When the listing below reaches the line that has "의학적으로 필수는 아니지만, 정서적", start reproducing exactly; stop after the line that has "1月7日,西唐寨村的村醫在給", and drop the pictures.

Input data:
'''

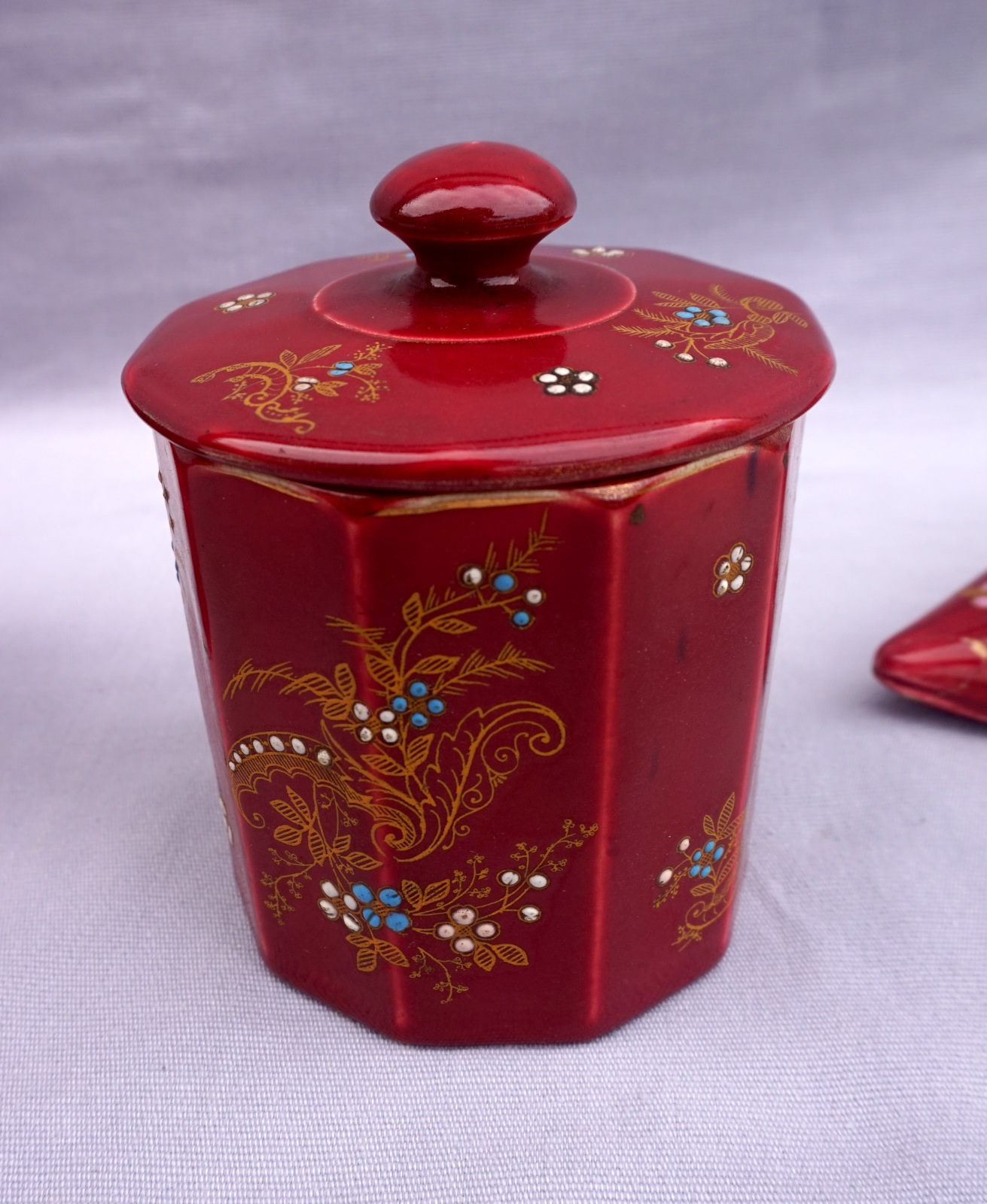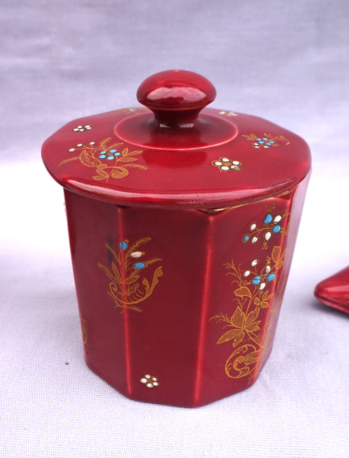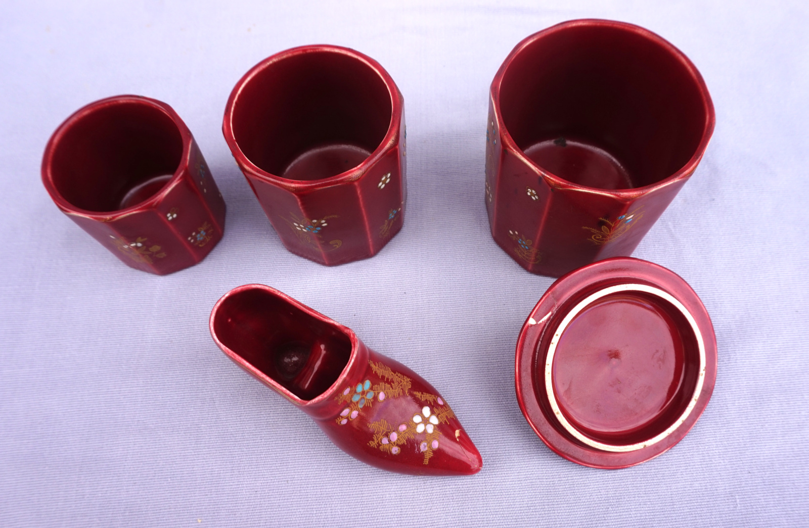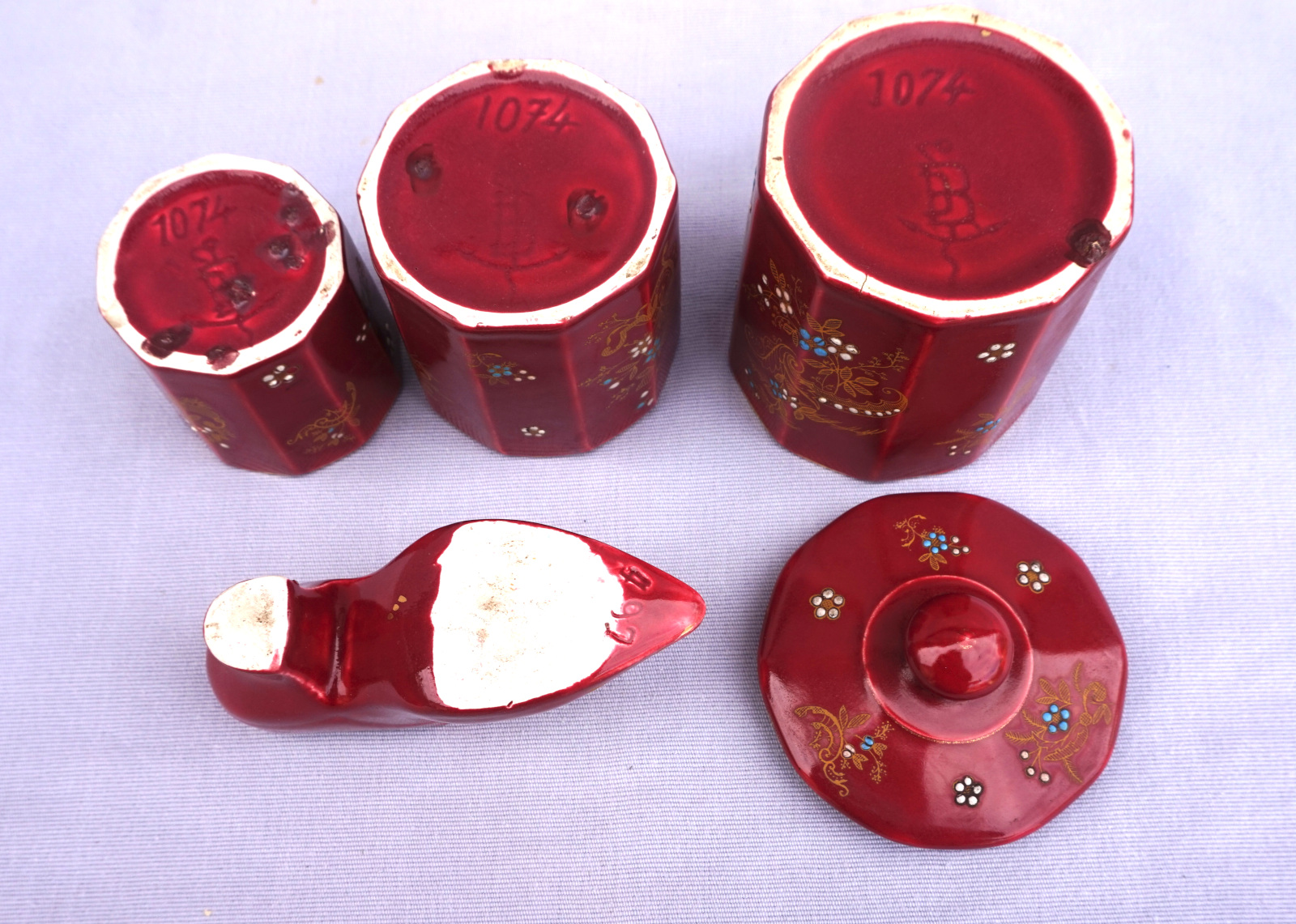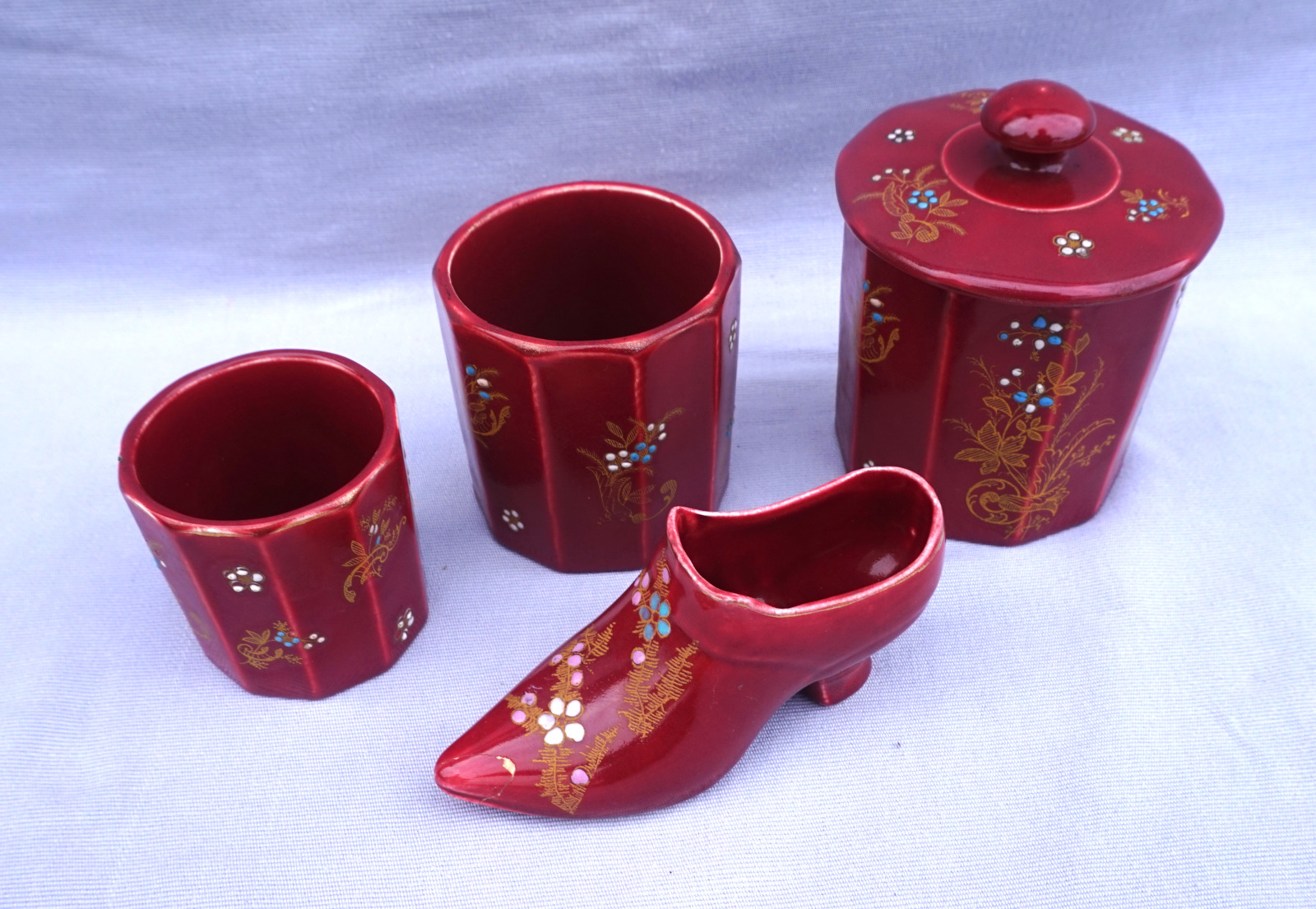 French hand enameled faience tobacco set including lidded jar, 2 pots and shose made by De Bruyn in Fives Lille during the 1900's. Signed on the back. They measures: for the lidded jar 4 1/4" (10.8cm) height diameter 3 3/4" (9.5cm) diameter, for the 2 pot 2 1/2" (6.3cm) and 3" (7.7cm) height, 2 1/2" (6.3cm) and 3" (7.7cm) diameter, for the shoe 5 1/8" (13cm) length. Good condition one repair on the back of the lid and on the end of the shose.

'''
'''

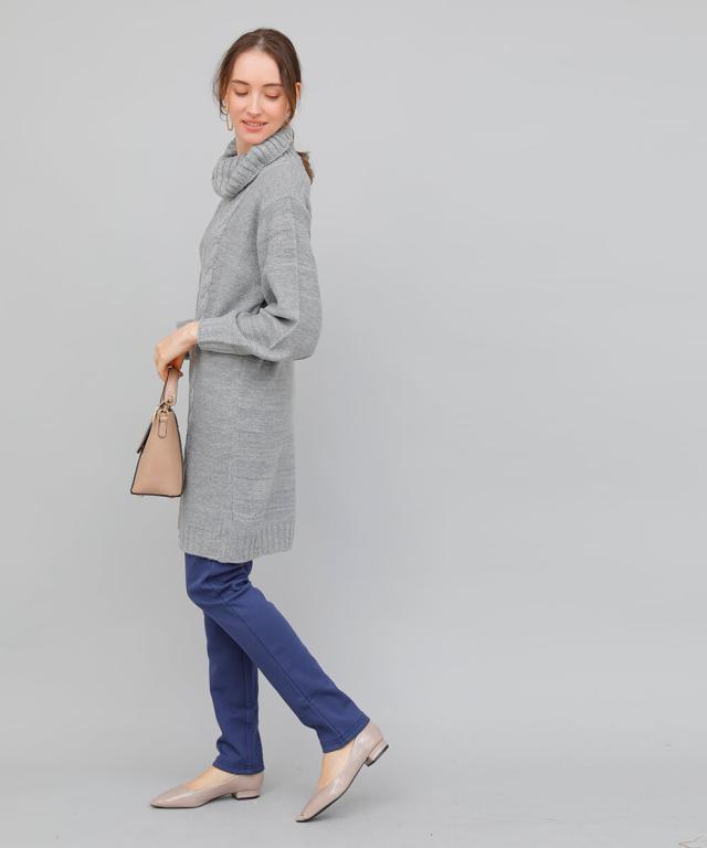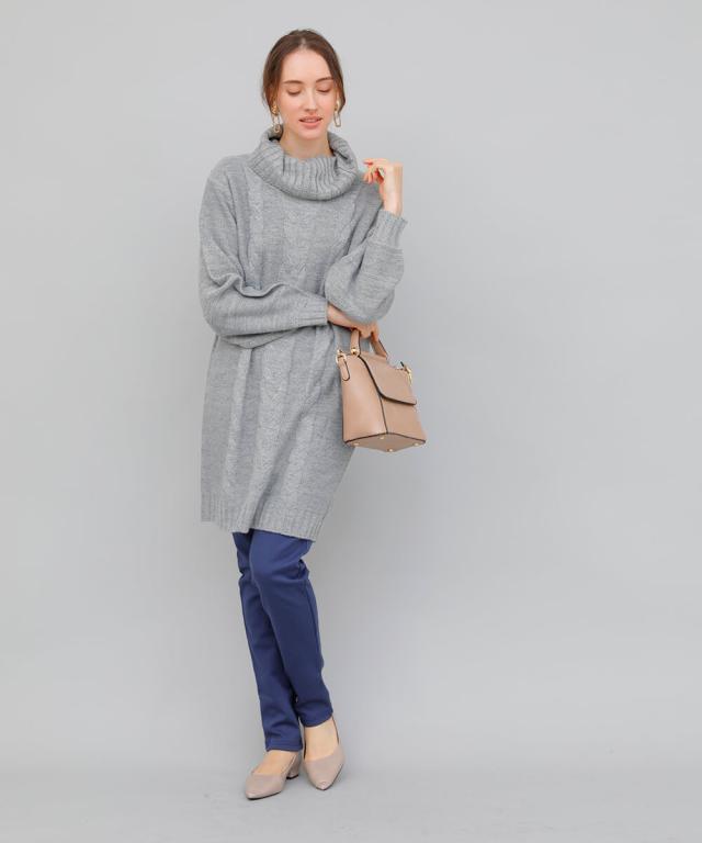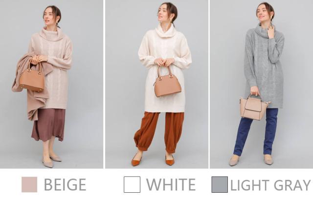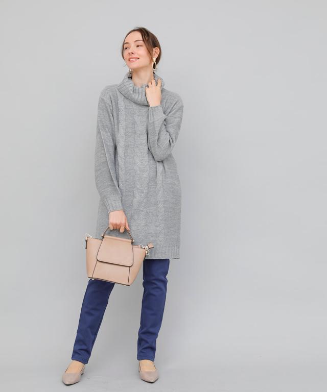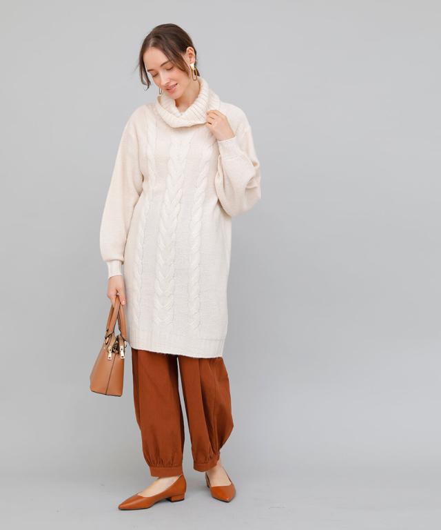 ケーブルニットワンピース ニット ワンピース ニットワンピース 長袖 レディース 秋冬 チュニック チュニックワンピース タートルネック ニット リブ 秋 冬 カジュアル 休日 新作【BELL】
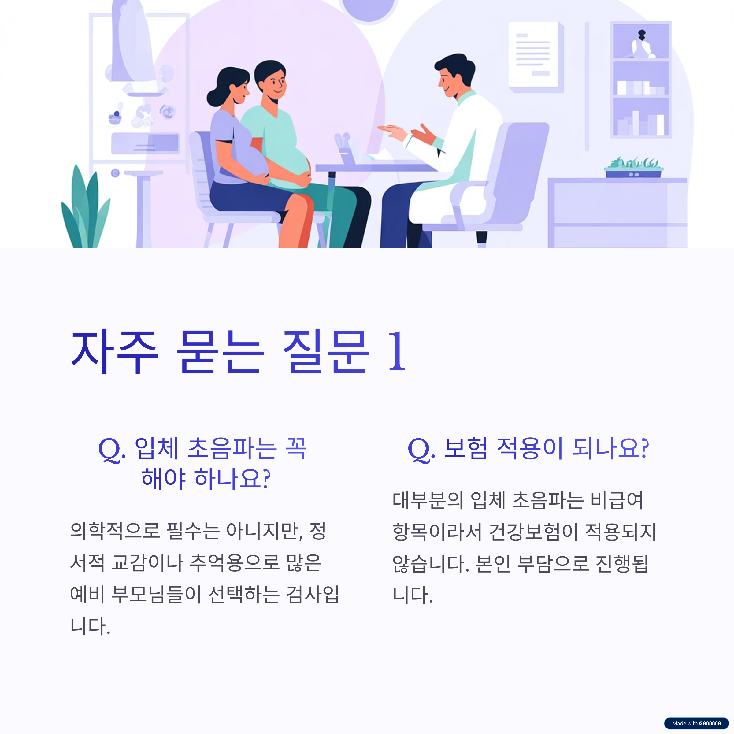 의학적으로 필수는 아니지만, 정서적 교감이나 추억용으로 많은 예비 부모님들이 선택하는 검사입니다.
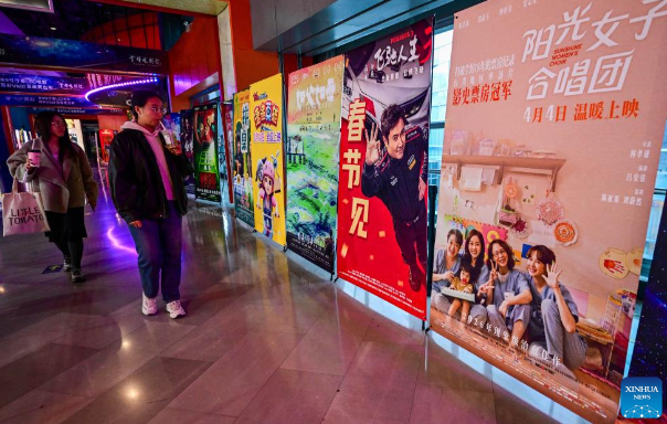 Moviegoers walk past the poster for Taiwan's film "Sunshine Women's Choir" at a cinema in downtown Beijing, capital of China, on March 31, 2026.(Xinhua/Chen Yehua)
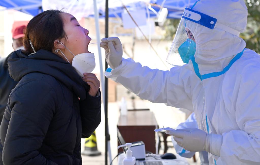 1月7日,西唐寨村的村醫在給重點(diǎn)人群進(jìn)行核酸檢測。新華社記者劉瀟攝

'''
'''

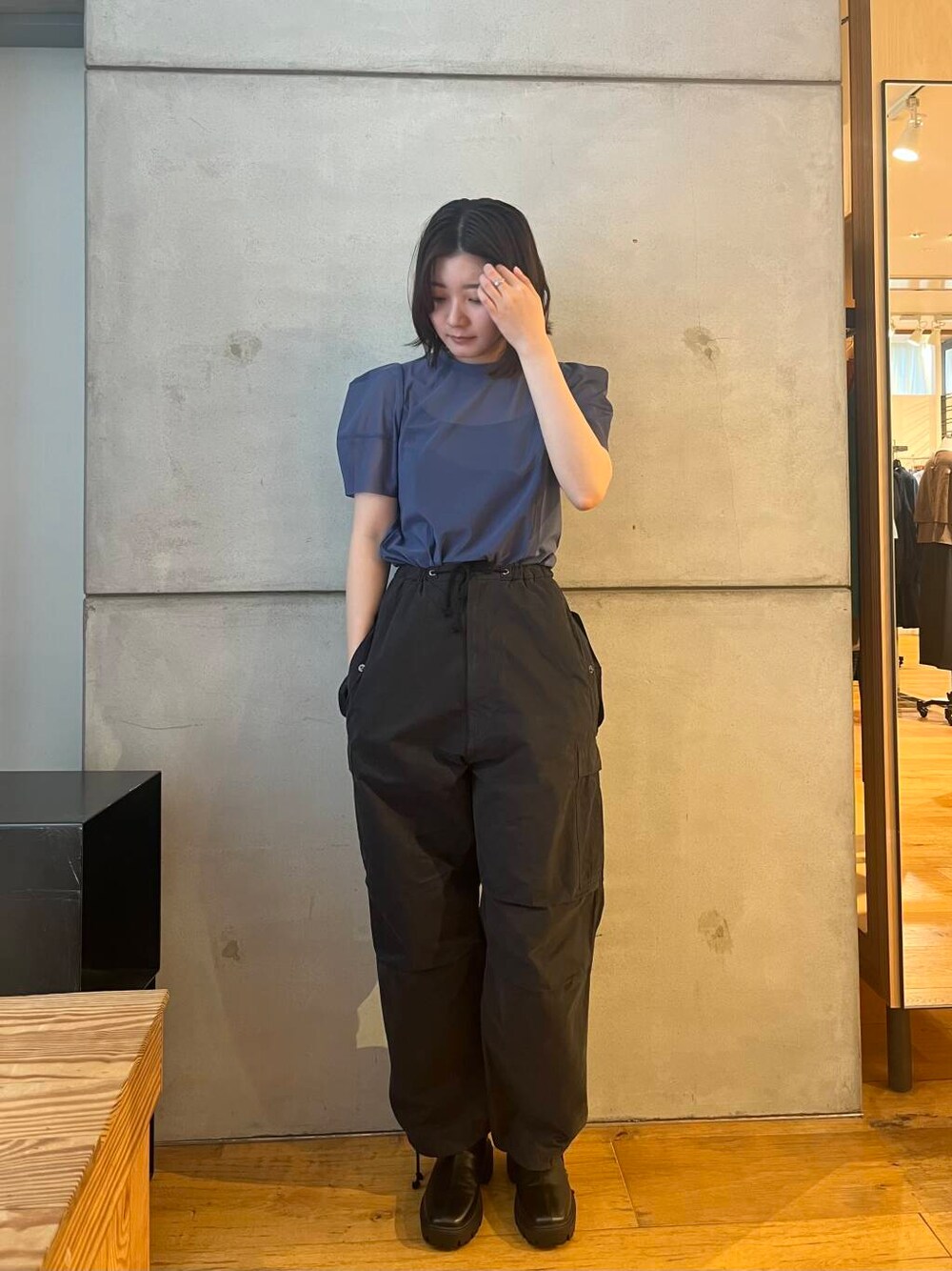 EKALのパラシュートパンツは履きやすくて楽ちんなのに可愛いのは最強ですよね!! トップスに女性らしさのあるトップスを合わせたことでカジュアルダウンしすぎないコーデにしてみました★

'''

Your solution:
 의학적으로 필수는 아니지만, 정서적 교감이나 추억용으로 많은 예비 부모님들이 선택하는 검사입니다.
 Moviegoers walk past the poster for Taiwan's film "Sunshine Women's Choir" at a cinema in downtown Beijing, capital of China, on March 31, 2026.(Xinhua/Chen Yehua)
 1月7日,西唐寨村的村醫在給重點(diǎn)人群進(jìn)行核酸檢測。新華社記者劉瀟攝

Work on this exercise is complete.